Mr. Mubarak leaves office now with the country's future more
uncertain than at any time since assassins killed President Anwar
el-Sadat, elevating Mr. Mubarak to the presidency.
"The idea of integration did not exist in Egypt under Mubarak," said
Amr El-Shobaki, a political analyst at the state-financed Ahram
Center for Political and Strategic Studies, in an interview before
the crisis. "When they see the opposition, they only think, 'How do
we eliminate them?' We have a lot of issues in society, political and
social, and we don't have any legal body to express these demands or
needs. This is our crisis."
The people found a way, organized by social media and old-fashioned
political mobilization, united by anger and hope.
If stability was to be the hallmark of his reign, that very goal
proved to be at least part of his undoing. Stability to many
Egyptians came to mean stagnation, as the economy grew and so did the
number of people living in poverty. Where once the rich, poor and
middle class lived in the same neighborhoods, the wealthy later
retreated to walled compounds of grass yards and swimming pools,
while Mr. Mubarak's government struggled even to keep the streets
clean of trash.
Nearly every step he took in his quest to preserve the status quo
ended up diminishing the standing of the nation as a whole - a blow
to a nation that once saw itself as the center of civilization and
the Arab world, many political analysts and social commentators said.

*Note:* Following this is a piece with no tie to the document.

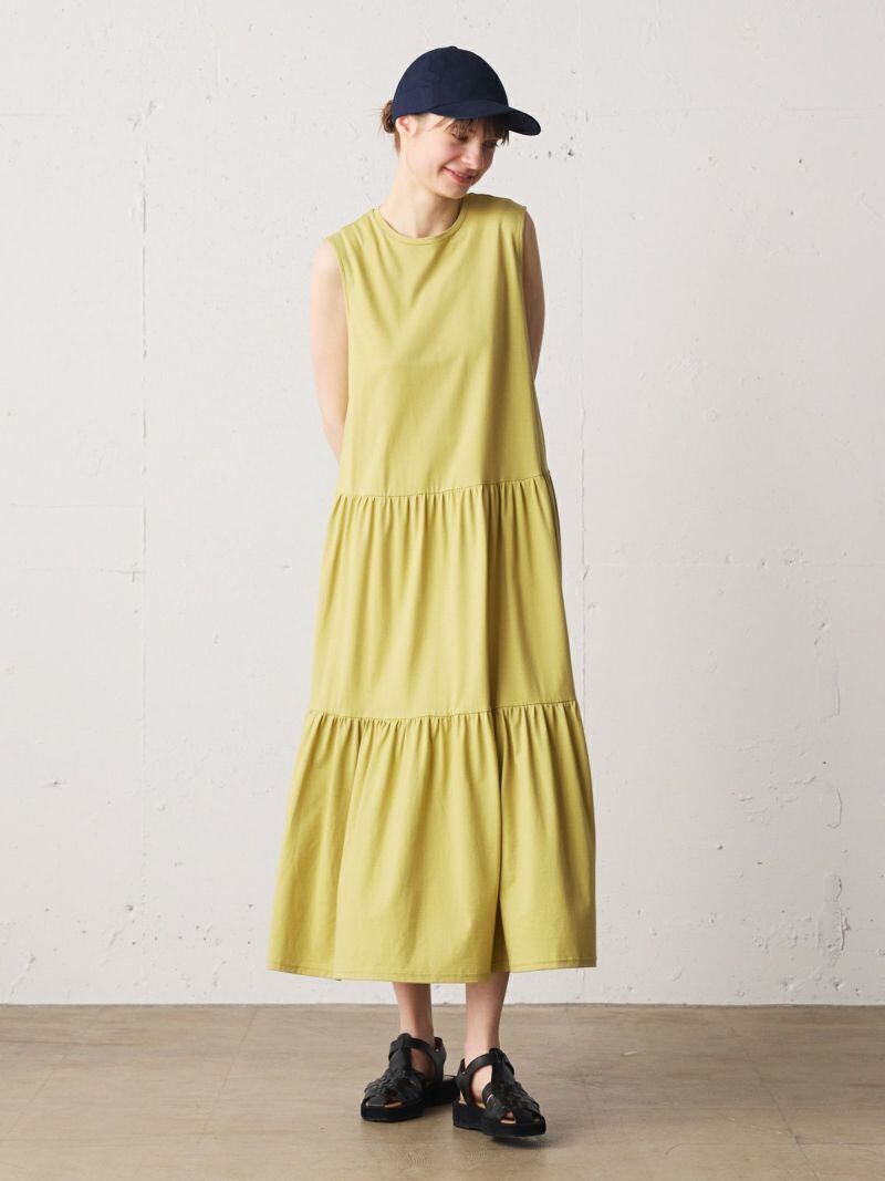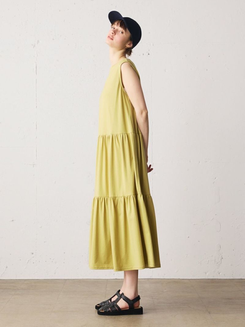 1枚でさらっと着用していただけるティアードノースリワンピース。フェミニンすぎず大人っぽく着用いただけます。カットソー素材の優しい着心地を体感していただけます。トップがすっきりしているのでティアードのボリューム感が控えめで全体的なバランスを考えられたシルエット表現。ワンピースの下にデニムを穿いたりもオススメです。

Egyptians were shocked when their country did not receive even one
vote to host the World Cup soccer tournament in 2000, and then were
shocked again this year when Qatar, the tiny oil-and-gas rich Gulf
nation, succeeded in winning the right to host the event in 2022.
"He used the security forces, every political device, and 'crony
capitalism' to realize his ends, sacrificing the dynamism, autonomy,
and capabilities of Egyptians, particularly young people," said Diane
Singerman, a professor at American University and an expert on
contemporary Egypt.
Mr. Mubarak was not always viewed through such a jaundiced lens. He
was initially seen as the perfect antidote to what ailed his nation.

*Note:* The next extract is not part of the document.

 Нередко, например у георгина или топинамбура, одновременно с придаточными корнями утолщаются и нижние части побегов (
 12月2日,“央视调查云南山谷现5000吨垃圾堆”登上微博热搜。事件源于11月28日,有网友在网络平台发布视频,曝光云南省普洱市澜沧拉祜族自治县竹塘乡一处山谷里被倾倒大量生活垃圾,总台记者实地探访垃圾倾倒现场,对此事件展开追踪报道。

Mr. Mubarak came to power in 1981, when Mr. Sadat was assassinated by
Islamic radicals in the military. Mr. Mubarak, sitting next to him,
was seared by the experience and from that moment on pledged to
assure security.
He came to power when Egypt was hugely in debt and unsure whether it
could pay its bills. It was still ostracized by its Arab neighbors
for making peace with Israel.
Mr. Mubarak's role was to bring calm, stability and unity to his
nation, and at first, he did. He was a taciturn military officer,
offering a welcome contrast to his two predecessors, charismatic
leaders who marked their place in history for bold if not always
successful ideas. President Gamal Abdel Nasser promoted pan-Arabism,
and Mr. Sadat made peace with Israel, a peace many Egyptians never
fully accepted.
"This guy came to power and he kept the country together," Abdel
Moneim Said, the chairman of Al Ahram Newspaper and Publishing, said
in an interview before the uprising. Mr. Mubarak also presented
himself as a humble leader, tapped by fate to lead his nation. He was
a former athlete, a squash player, a former military man and
commander of the air force who, analysts and peers said, believed
that long hours and hard work were equal to good leadership.

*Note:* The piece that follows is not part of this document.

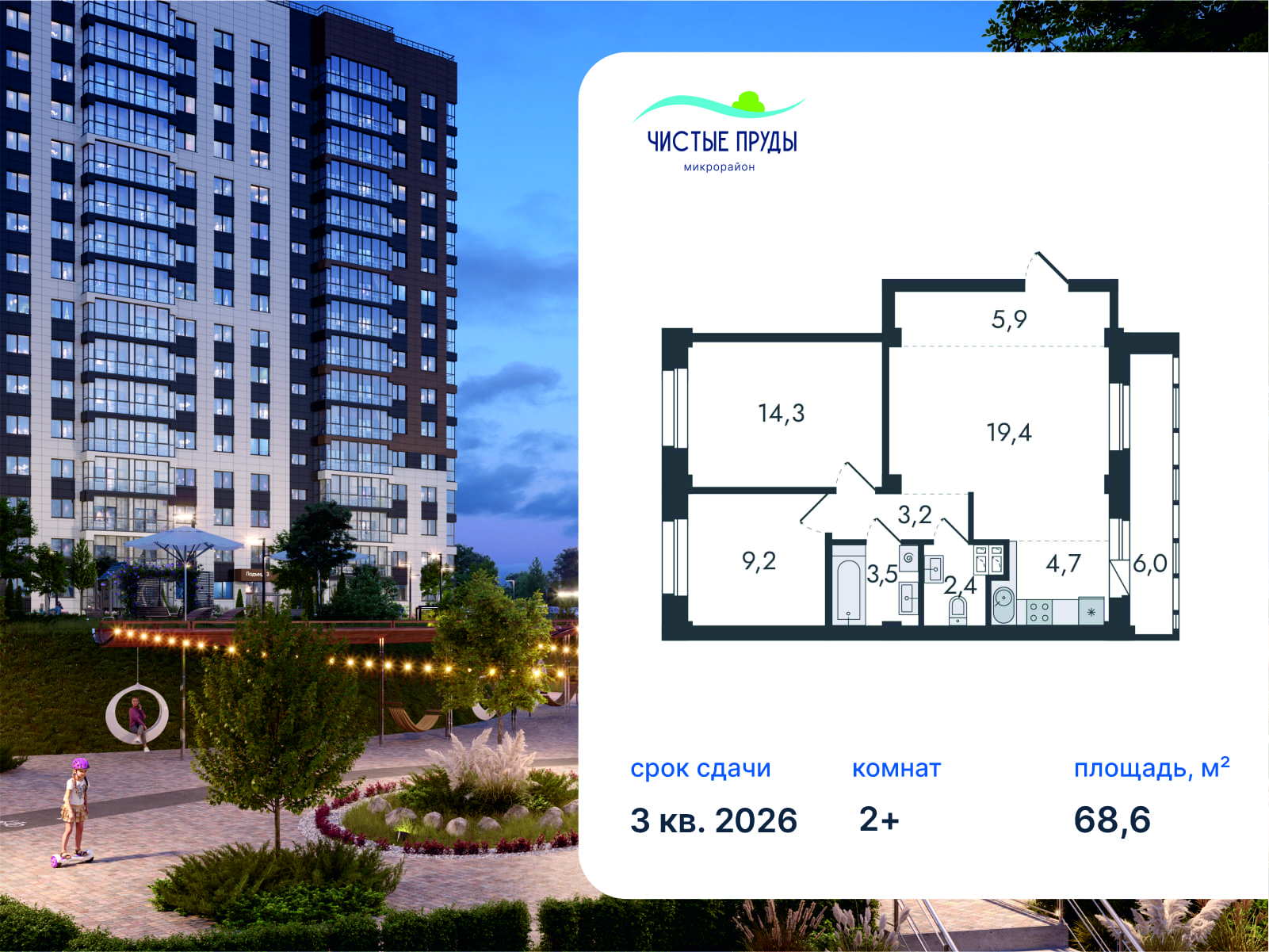 Общая площадь68,6 м²

He publicly rejected nepotism, though in later years would maneuver
to have his son succeed him. He publicly shunned corruption, although
Egyptians became convinced that the powerful enriched themselves at
the public's expense.
His early successes were substantial, especially in the realm of
foreign policy. He helped to bring Egypt back into the Arab fold, but
also managed to serve as a strong voice for peace between Arab
nations and Israel. In the mid-1990s, he was instrumental in helping
to forge the agreements with Israel and the P.L.O. that were intended
to foster a Palestinian state in the West Bank and Gaza.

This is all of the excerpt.